Anyway, the issue is about how we are structuring the database. Right now it is just one table with the comment ID as the primary key, and then there is a field for the 'person' the comment is about:
comment ID - comment - person
1 - "he is weird" - John Smith
2 - "smelly girl" - Jenny
3 - "gay" - John Smith
4 - "owes me $20" - Jennyyyyyyyyy
Everything is working fine. Using the database, I am able to create pages that list all the 'comments' for a particular 'person.' However, he is obsessed that the database isn't normalized. I read up on normalization and learned that he was wrong.
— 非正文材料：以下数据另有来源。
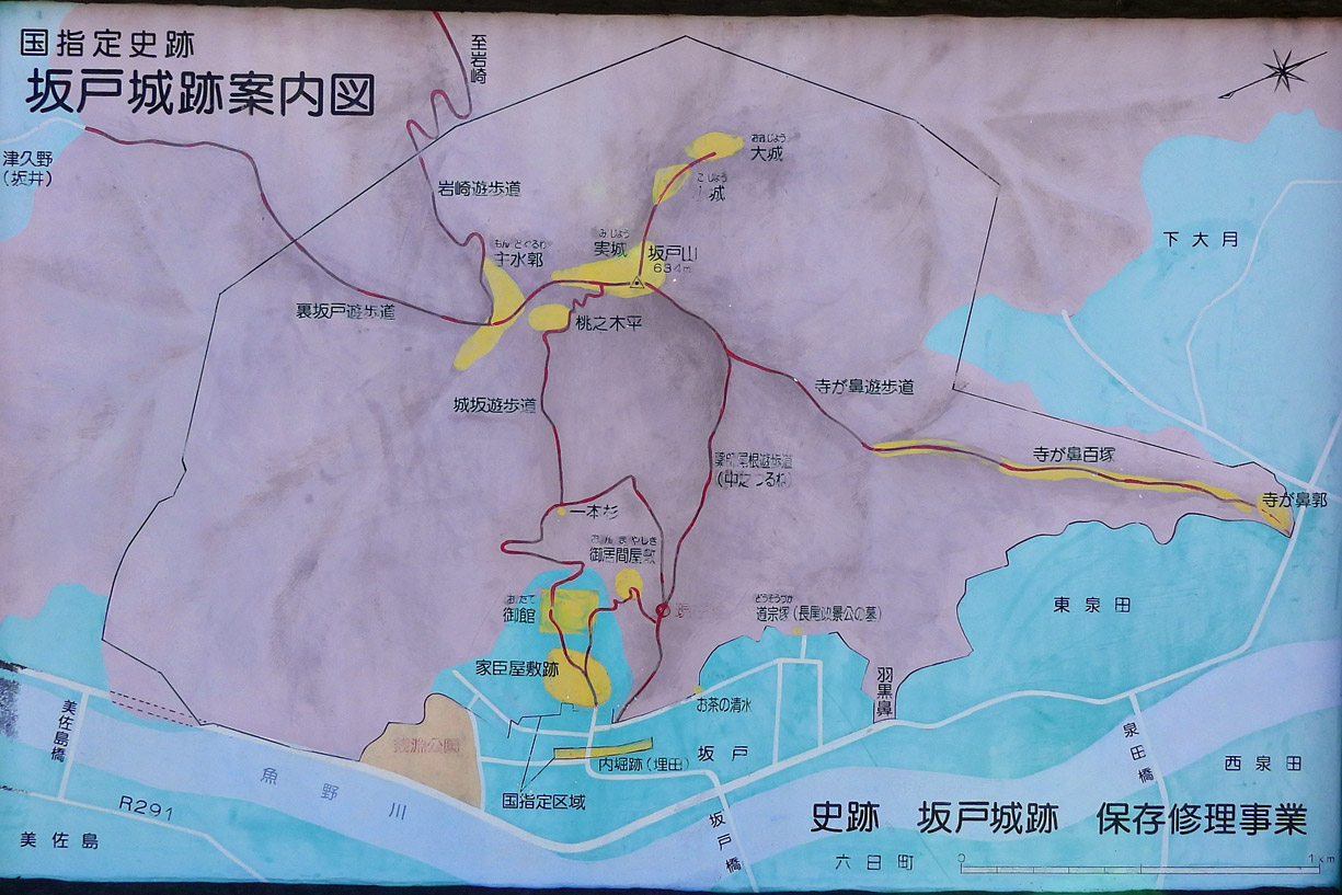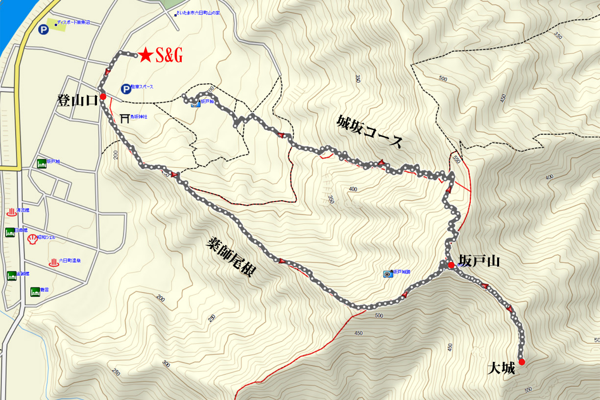 | 坂戸山ルート地図/坂戸城跡でGPS停止 (計曲線 50M 主曲線 10M) |

The table IS currently normalized, because the comment ID is unique and dictates the 'comment' and the 'person.' Now he is insistant that 'person' should have it's OWN table because it is a 'thing.' I don't think it is necessary, because even though 'person' really is the bigger container (one 'person' can have many 'comments' about them), the database seems to operate just fine with 'person' being an attribute of the comment ID. I use various PHP calls for different SQL selections to make it magically appear more sophisticated on the output and the different way the user can search and see results, but in reality, the set-up is quite simple. I am now letting users rank comments with thumbs up and thumbs down, and I keep a 'score' as another field on the same table.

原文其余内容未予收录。